# CAM and Object Detection (modified)

## Authors: 
Sat Arora, sat.arora@uwaterloo.ca \
Richard Fan, r43fan@uwaterloo.ca

### Project Goal:
"CAM and object detection". First, you should implement some standard method for CAM for some (simple) classification network trained on image-level tags. You should also obtain object detection (spacial localization of the object approximate "center"). You should apply your approach to one specific object type (e.g. faces, or anything else). Training should be done on image-level tags (e.g. face, no face). You can come up with your specialized dataset, but feel free to use subsets of standard data. You can also test the ideas on real datasets where label noise is present.



## Abstract

Class Activation Maps (CAMs) is a very important tool and concept in Computer Vision.
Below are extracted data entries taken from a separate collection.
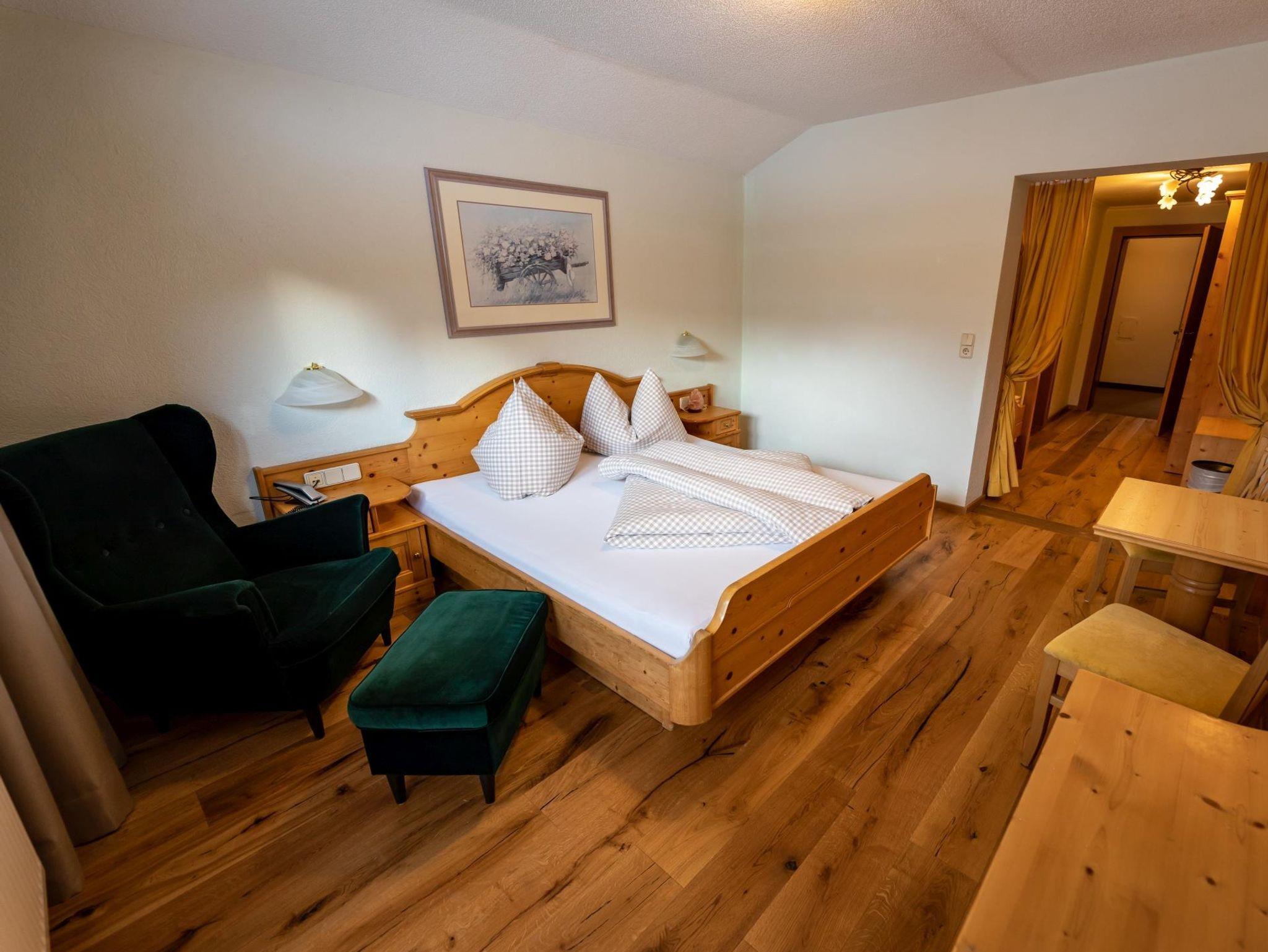Die ca. 27m² großen ruhig gelegenen Doppelzimmer bieten einen Balkon ,die Zimmer sind ausgestattet mit einem Doppelbett, Dusche-WC,
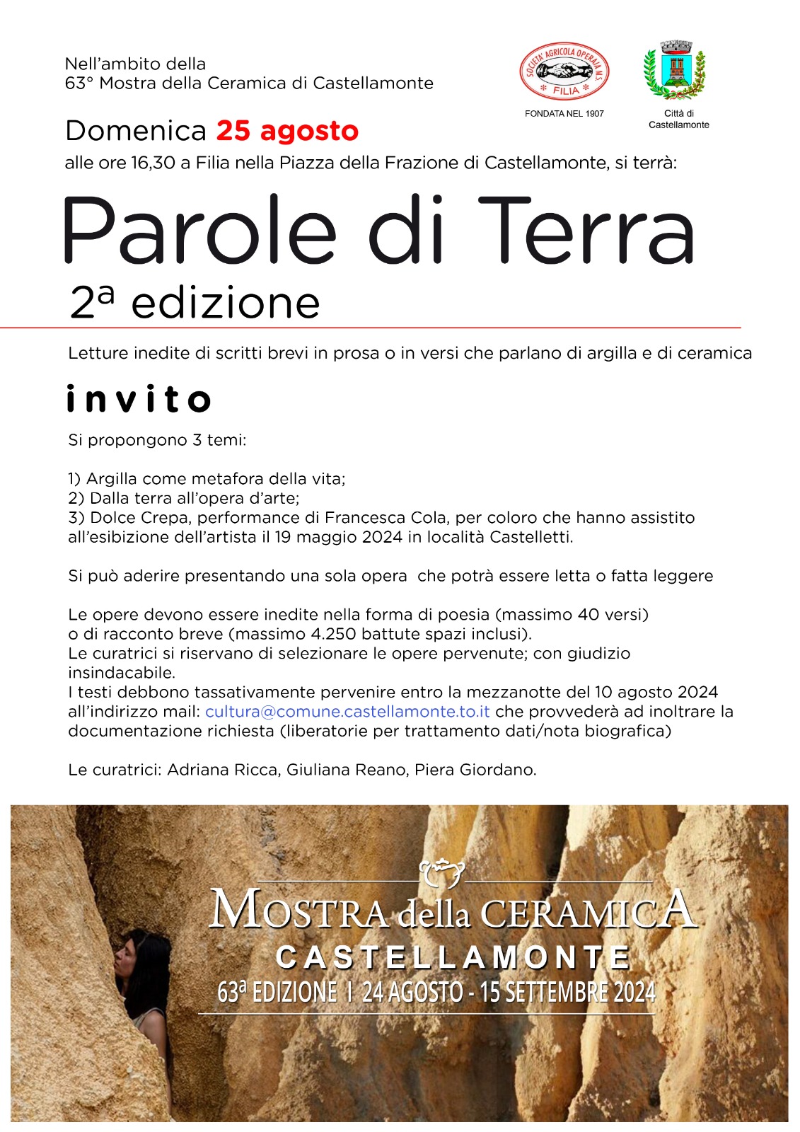 Si invita a partecipare alla 2ª edizione di “Parole di Terra” – Le opere (3 temi), da far pervenire entro il 10 agosto 2024, dovranno essere inedite nella forma di poesia o di racconto breve e parlare di argilla e di ceramica. Le letture si terranno Domenica 25 agosto alle ore 16,30 a Filia (in piazza nella Frazione di Castellamonte). Curatrici: Adriana Ricca, Giuliana Reano, Piera Giordano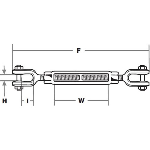 Threaded Dia. x Take-up (inches): 5/8 x 12; F (Closed): 18.80; H: 0.79; I: 1.31; W: 12.00; Weight Each: 3.53; Working Load Limit*: 3500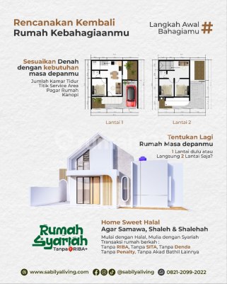 Wujudkan rumah impian yang nyaman dan bebas riba. 2 lantai | 3 kamar | 2 kamar mandi Lokasi strategis di Ujungberung - akses mudah ke Antapani Tanpa riba, tanpa sita, tanpa denda , 100% syariah.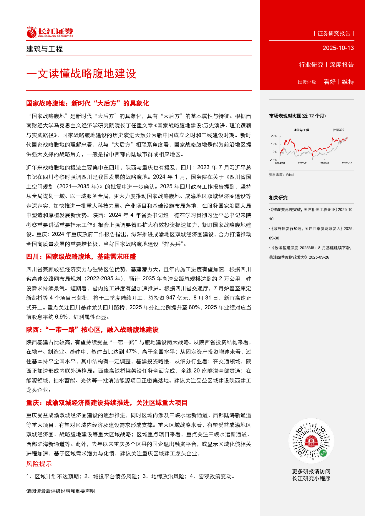 %%research.95579.com国际资本市场研报资讯+V:quanqiuzixu%n%8行业研究丨深度报告丨建筑与工程[一Ta文b读le_懂T战itle略]腹地建设%%1%%%%research.95579.com国际资本市场研报资讯+V:quanqiuzixu%n%8丨证券研究报告丨报告要点[近Ta年bl来e_战Su略m腹m地ar的y]提法主要集中在四川,陕西与重庆也有提及。四川:2023年7月习近平总书记在四川考察时强调四川是我国发展的战略腹地。2024年1月,国务院在关于《四川省国土空间规划(2021—2035年)》的批复中进一步确认。陕西:2024年4年省委书记赵一德在学习贯彻习近平总书记来陕考察重要讲话重要指示工作汇报会上强调要着眼扩大有效投资提速加力,紧盯国家战略腹地建设。重庆:2024年重庆政府工作报告指出,纵深推进成渝地区双城经济圈建设,合力打造推动全国高质量发展...

During classification, the goal of CAMs is to indicate the regions of the image that were used by a Convolutional Neural Network to lead it to classifying an image as containing a certain object.

In order to understand what the Class Activation Maps do, this report will describe in detail the motivation, ideas & concepts that guide our process to making our own CAMs. Following this, we will do some deeper analysis of what happens in certain scenarios to better understand our algorithms output.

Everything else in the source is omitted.